I was half awake to bring in the new year last night. Another batch of teeth are surfacing in Ben's mouth so sleep has been in limited increments around here. Though my super awesome husband let me sleep in till 9am today and for that I was incredibly thankful. In what moments I was awake last night, my husband and I discussed the questions posted by Danielle Bean on F&F Live. They are really good evaluation questions if you don't feel its too late to do a year end evaluation.
From these questions, it seemed to be a theme for me to figure out what it means to be a Kiera outside of school. I know a big part of that is being a wife and a mama, but what defines me as me is another story. I have been a student since I was 4 and now at 27, its hard to imagine a school-less life. Oddly, up to this point is been I want to get this part of my life done, I need this to be over. And now that its here its surreal. Its almost like you try a while to have a baby, and then you get pregnant and then the baby is born and you are like woah how did I get here. It's surreal that I actually made it through, but at the same time I have to figure out what this new stage of life entails for me.
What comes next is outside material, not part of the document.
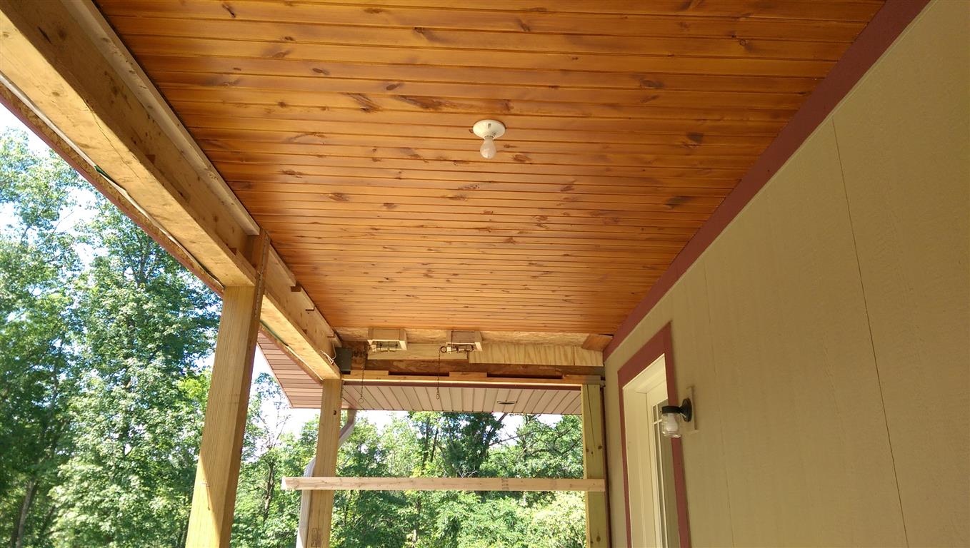 Really like your ceiling. The wife has been after me for years for a covered deck. I just don't know how I would tie it in to the house as we have a metal roof.

I know that I don't want a full time job, but what kind of work do I want, or would I rather volunteer instead of work for pay? Do I want to do something in my field or something completely unrelated?
So, I hope to figure out what it means to me in this post-school stage of life. If you want to send a prayer this way as this chapter of my life unfolds, it would be appreciated.
I hope everyone has a great and blessed 2011!